Für ein umfassendes Sicherheitsgespräch kamen die Bürgermeister sowie leitende Mitarbeiter der im Zuständigkeitsbereich der Polizeiinspektion Trostberg und der Polizeistation Traunreut liegenden Gemeinden im großen Sitzungssaal des Trostberger Rathauses (Landkreis Traunstein) mit Polizeioberrat Bernhard Dusch, Leiter der Polizeiinspektion Trostberg, seinem Stellvertreter, Polizeihauptkommissar Alfred Fiedler, und Polizeihauptkommissar Christian Bertlein, Leiter der Polizeistation Traunreut, zusammen. Ziel des Treffens war es, die aktuelle Sicherheitslage zu erörtern, unterschiedliche Phänomene zu diskutieren und gemeinsame Analysen zu treffen, teilt Dusch der Heimatzeitung mit.

Dusch, der auch Leiter des Dienststellenverbunds aus Polizeiinspektion Trostberg und Polizeistation Traunreut ist, nahm das Fazit bereits zu Beginn des Sicherheitsgesprächs vorweg: In den Gemeinden und Städten im Zuständigkeitsbereich leben die Bürger laut seiner Aussage sehr sicher. Gemeinsam mit Fiedler und Bertlein erläuterte Dusch die einzelnen Bestandteile des Sicherheitsberichts.

Rund 2000 Straftaten im kompletten Dienstbereich

Zentraler Kern des Gesprächs war die Darstellung der Polizeilichen Kriminalstatistik (PKS) im Jahr 2023. Insgesamt lägen die festgestellten Delikte etwas unter dem Vor-Corona-Niveau. Im kompletten Dienstbereich habe die Polizei rund 2000 Straftaten gezählt. In Trostberg und in Traunreut hätten die Beamten etwa drei Viertel der Delikte verzeichnet.

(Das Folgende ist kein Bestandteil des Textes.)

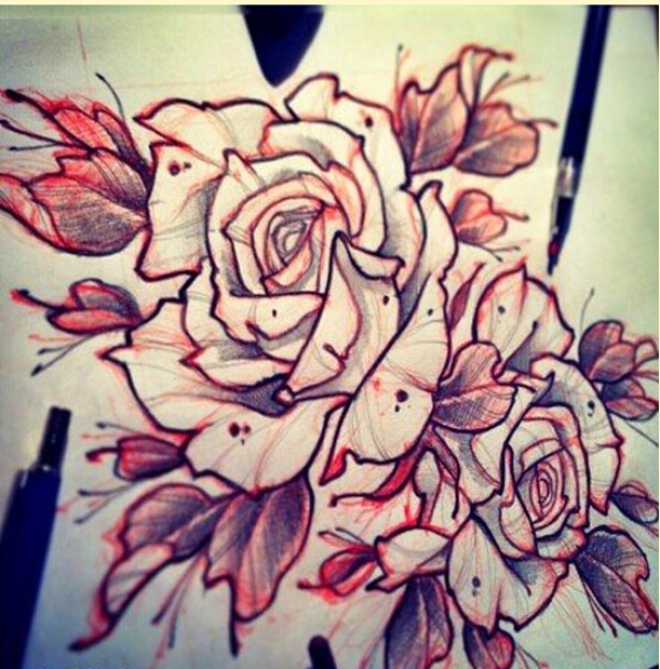 时尚漂亮好看的玫瑰花纹身手稿图案欣图片

„Die Aufklärungsquote liegt beim landkreisweiten Schnitt von 72,5 Prozent und damit deutlich über dem bayerischen Wert“, erklärt Dusch in einer Pressemitteilung. Allerdings sei festzustellen gewesen, dass die Ordnungshüter im Bereich der Polizeistation Traunreut, die für die Stadt Traunreut und die Gemeinde Palling zuständig ist, mehr Delikte klären konnten als im übrigen Bereich der Polizeiinspektion Trostberg mit der Stadt Trostberg und den Gemeinden Altenmarkt, Engelsberg, Kienberg, Obing, Pittenhart, Schnaitsee, Seeon-Seebruck und Tacherting. Weiter ging die Polizei auf einzelne Deliktsbereiche, die Tatverdächtigenstruktur und die Verteilung auf die Gemeinden näher ein.

1719 Verkehrsunfälle

Im zweiten Teil des Sicherheitsgesprächs widmeten sich die Dienststellenleiter der Verkehrsunfallstatistik. Bei den insgesamt 1719 Verkehrsunfällen hatte die Polizei im vergangenen Jahr 254 mit Personenschaden aufgenommen. Insgesamt wurden 310 Personen verletzt, vier Todesopfer waren zu registrieren. Unter den genannten Zahlen waren auch sechs Schulwegunfälle, bei denen neun Kinder leicht verletzt wurden.

Die Unfälle mit tödlichem Ausgang und die Schulwegunfälle besprachen die Dienststellenleiter mit den Vertretern der Kommunen einzeln. Dabei erörterten sie sowohl die Vermeidbarkeit als auch die kommunalen und polizeilichen Maßnahmen, die sie ergreifen können. Dabei seien sowohl bauliche Veränderungen, aber auch die Möglichkeiten der Polizei im präventiven Bereich und durch Kontrollen aufzuzählen, teilt Busch gegenüber der Heimatzeitung mit. „Im Einzelnen wurde über diese Unfälle bereits berichtet.“

Ziel: Lebensqualität in der Region stetig verbessern

Im Trostberger Rathaus entwickelte sich noch ein reger Austausch zwischen Polizei und den Bürgermeistern. Ein breiter Konsens bestand laut Dusch unter anderem darin, dass in allen Bereichen eine enge Zusammenarbeit und ein reger Austausch förderlich sind, um die Sicherheitslage weiter hoch zu halten. Ziel aller sei es, dadurch die Bevölkerung so gut wie möglich vor Straftaten und Verkehrsunfällen zu schützen und die Lebensqualität in der Region stetig zu verbessern.